Peter Brook
Le “Bouffes du nord” è un teatro di Parigi, è in mezzo ad un quartiere dove abitano indiani e pachistani, qualche marocchino, francesi zero. Fuori dal teatro niente insegne al neon, solo una locandina col programma della serata, di fianco all’ingresso un baretto dove gli attori bevono e chiacchierano fino a pochi minuti prima che cominci lo spettacolo… Entri e c’è un corridoio con un bancone per la cassa e poi si passa nella sala teatrale: uno spazio circolare con due gallerie. L’impressione è quella di un rudere perché questo teatro diversi anni fa è andato a fuoco. Però non è che sia stato rifatto nuovo, no, lo hanno tenuto com’era dopo l’incendio, lo hanno solo ripulito a fondo, ma niente lavori di ristrutturazione pesanti. Sui muri sembra di vedere ancora i segni delle fiamme, ed entrando hai la sensazione che sia rimasto anche un vago odore di fuliggine. Le “Bouffes du nord” raccontata così sembra la sede di una compagnia di periferia, uno di quei teatrini scalcagnati che stanno in piedi per la passione di qualche filodrammatica, e invece è il teatro del più grande regista vivente: Peter Brook. Peter Brook è inglese, adesso è intorno agli ottant’anni, è stato direttore della Royal Shakespeare Company, ha messo in scena un bel po’ di Romei, Giuliette e Almeti, a Londra. Poi, nel 1970, se n’è scappato a Parigi, e in questo teatro di periferia ha fatto spettacoli memorabili come il “Mahabharata”. Il poema sacro indiano molto più lungo della Bibbia. Il “Mahabharata” durava otto ore, ma praticamente la scenografia era il teatro de le “Bouffes du nord” nudo e crudo. Semplicità, essenzialità, verità, sono le parole d’ordine del suo teatro. Peter Brook è uno che pensa che la mancanza di scenografia è un requisito necessario per l’immaginazione. Per questo la sua “Bouffes du Nord” si presenta sempre così com’è: come una bellissima signora che non ha bisogno di vestiti costosi, non ha bisogno di abitare nei quartieri alti: la sua eleganza è nei segni della memoria che porta sul viso, sul corpo. Alla “Bouffes du nord” è impossibile oscurare la sala: lo spazio scenico è lì in mezzo e il pubblico tutto intorno, quindi gli spettatori vedono gli attori, ma anche gli attori possono vedere il pubblico: è un teatro in cui ci si guarda in faccia.

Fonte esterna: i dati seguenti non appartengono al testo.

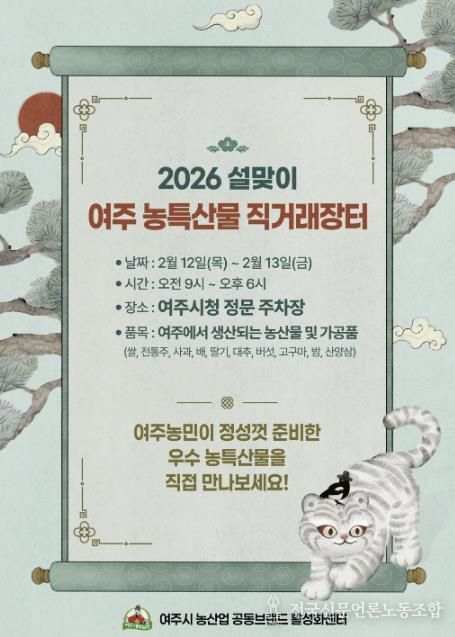 전국신문언론노동조합 김성길 기자 | 여주시는 설 명절을 맞아 지역 농업인의 판로를 확대하고 시민들의 장바구니 부담을 줄이기 위해 오는 2월 12일부터 13일까지 이틀간 ‘2026 설맞이 여주 농특산물 직거래장터’를 개최한다.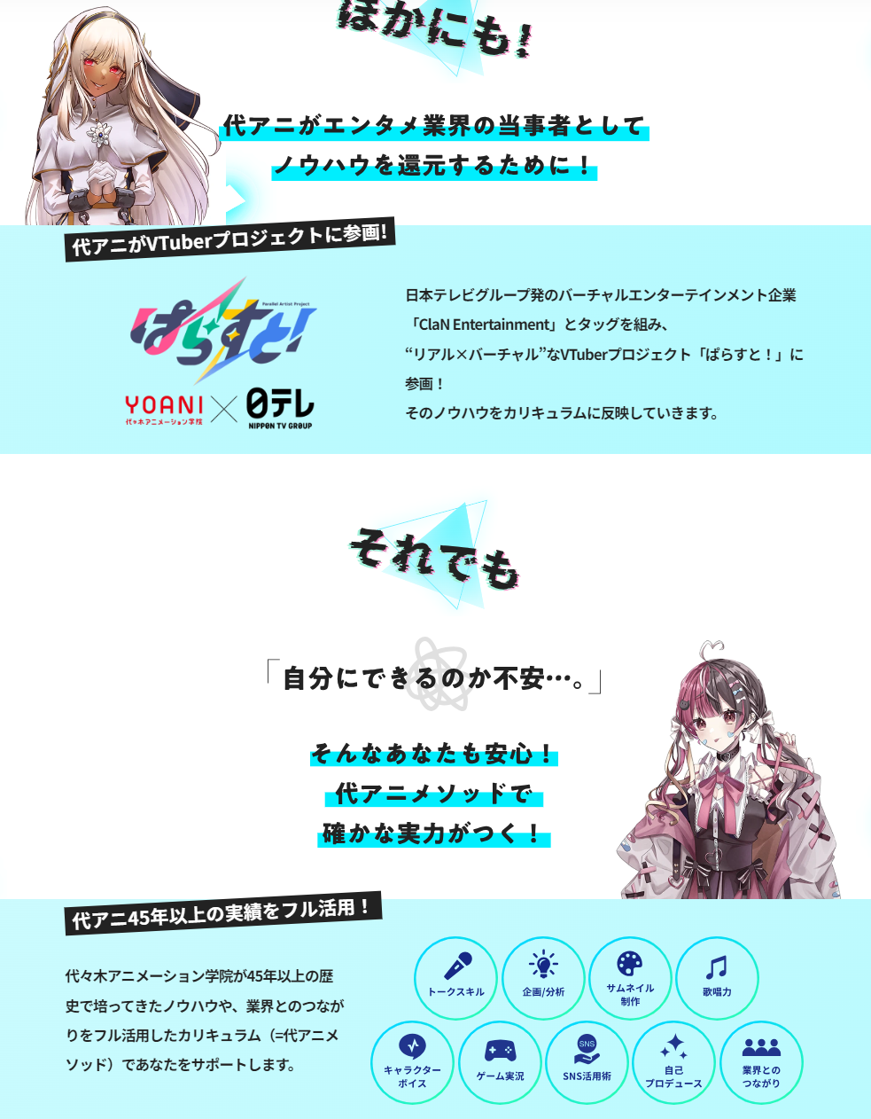 並結合代代木學院的長年課程編排,讓學生能夠實際參與企畫製作、歌曲訓練以及實況體驗,連社群經營、說話技巧以及聲音培訓都在其中,讓你知道 VTuber 不是只要套皮開台就能成功,背後的努力與訓練都是必須的。

-A me il teatro piace quando gli attori si guardano negli occhi.- Dice Peter Brook. E se ci pensi non capita spesso di vedere attori che si guardano negli occhi. Spesso le platee dei teatri sono buchi neri, bui e spaventosi: impossibile per gli attori vedere il pubblico. Magari scenografie sontuose sul palco ma niente scambio tra attori e pubblico. Alla “Bouffes du nord” invece è il contrario, niente scenografie, niente di superfluo, ma gente che si guarda negli occhi. Questo è il teatro per Peter Brook.
Ho scritto questo pezzo una quindicina d'anni fa per La Stampa, è il mio ricordo per uno dei maestri da cui ho imparato di più.